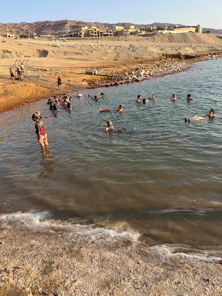 Das Bild zeigt das Tote Meer, einen Salzsee im Nahen Osten. Es ist der tiefste Punkt der Erde, gelegen etwa 430 Meter unter dem Meeresspiegel. Der See grenzt an Jordanien, Israel und das Westjordanland. Sein Salzgehalt ist extrem hoch, etwa zehnmal salziger als der Ozean, weshalb man mühelos an der Oberfläche schwimmen kann. Aufgrund des hohen Salzgehalts gibt es keine Fische oder Pflanzen im See, was ihm seinen Namen gab.
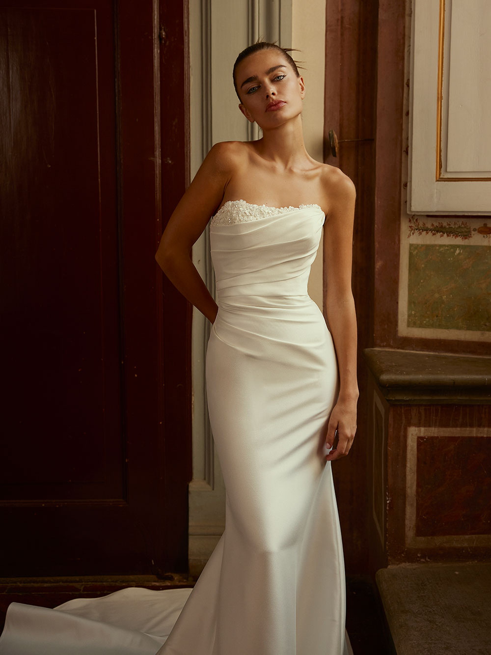 En sofistikert fit-and-flare brudekjole i mikado med V-utringning og delikate blondeapplikasjoner på overdelen. Den lave keyhole-ryggen gir et hint av allure, mens det avtagbare overskjørtet byr på to uttrykk i én kjole – dramatisk og voluminøs til seremonien, og elegant og figurnær til festen. Finnes også i en enklere variant uten overskjørt.
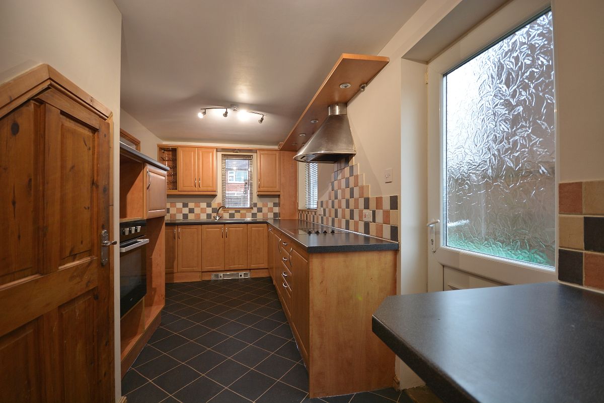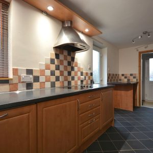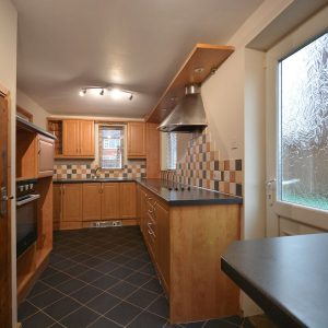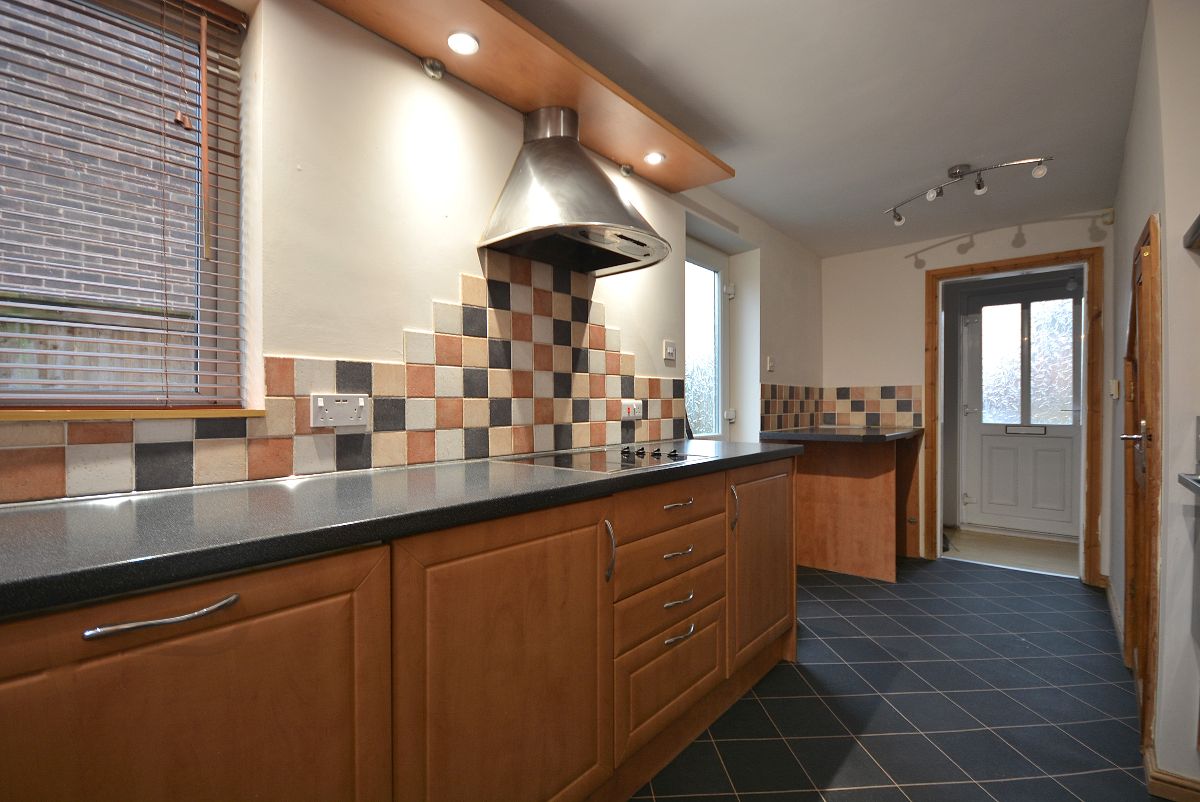 A neutral kitchen having a range of wall cupboards, base units and drawers with working surfaces over. Inset sink with drainer and chrome mixer tap. Integrated oven, four ring electric hob with wall mounted stainless steel extractor hood over. There is ceiling lighting, plumbing for a washing machine, space for a full height fridge/freezer and space for a tumble dryer. There is also double glazed windows and door opening onto the side & rear elevations.
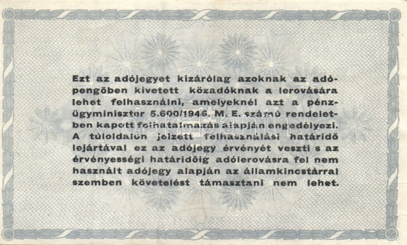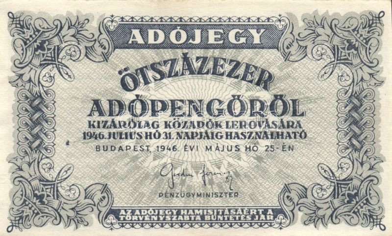 Beschreibung: 1946. 500.000AP előlapon kék festékfolttal + kis papírránccal T:I
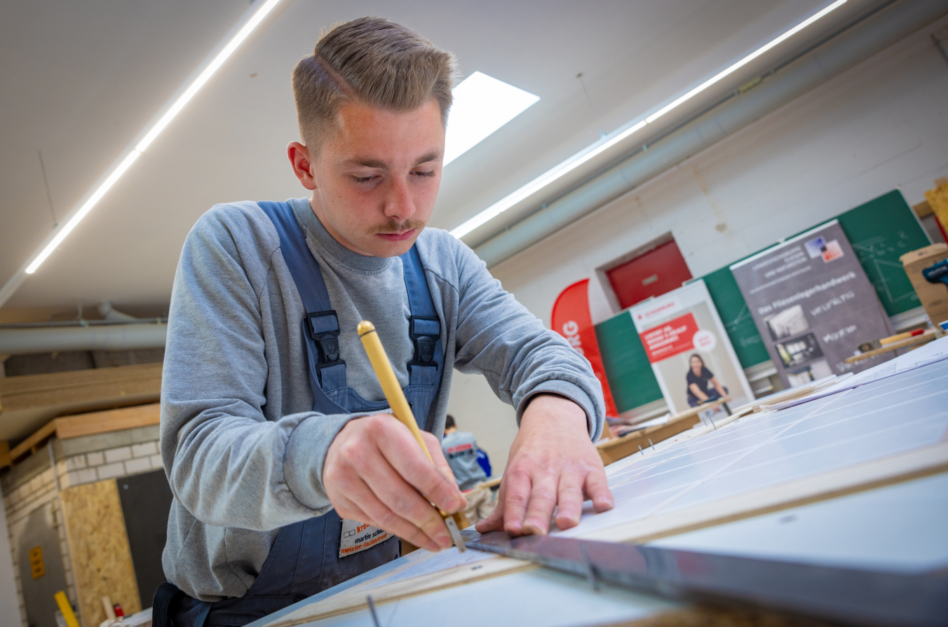 Lernen vom Weltmeister: Geleitet wurde der Kurs von einem echten Profi: Martin Schmalhorst, Fliesenleger-Weltmeister von 2003, zeigte Schritt für Schritt, wie man ein Werkstück richtig aufzeichnet, Teile überträgt und präzise zuschneidet. Seine Erfahrung ist Gold wert – und kommt bei den Azubis super an. Einer von ihnen ist sein eigener Lehrling, Tim Strate (19): „Am schwersten sind die Ecken – da braucht man echt Geduld und Fingerspitzengefühl.“
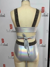送料無料 2024 ホワイト光沢のある水着女性 2 ピースウエスト包帯ビキニクロス V ネック水着夏の背中の開いたビーチ水着 サマー 夏物 Vネック AE33232335539906944708
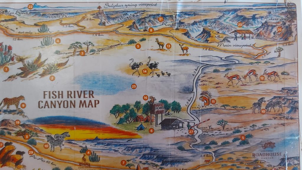 Bei Hobas haben wir den Eintritt bezahlt, noch eine Pipipause gemacht und sind dann zum ersten Viewpoint.

+---+

> [Task requirements]: With pictures excluded, restate word for word the lines from the one that contains "Lernen vom Weltmeister: Geleitet" through the end of the material, inclusive, and nothing more.

> [Output for this task]:
 Lernen vom Weltmeister: Geleitet wurde der Kurs von einem echten Profi: Martin Schmalhorst, Fliesenleger-Weltmeister von 2003, zeigte Schritt für Schritt, wie man ein Werkstück richtig aufzeichnet, Teile überträgt und präzise zuschneidet. Seine Erfahrung ist Gold wert – und kommt bei den Azubis super an. Einer von ihnen ist sein eigener Lehrling, Tim Strate (19): „Am schwersten sind die Ecken – da braucht man echt Geduld und Fingerspitzengefühl.“
送料無料 2024 ホワイト光沢のある水着女性 2 ピースウエスト包帯ビキニクロス V ネック水着夏の背中の開いたビーチ水着 サマー 夏物 Vネック AE33232335539906944708
 Bei Hobas haben wir den Eintritt bezahlt, noch eine Pipipause gemacht und sind dann zum ersten Viewpoint.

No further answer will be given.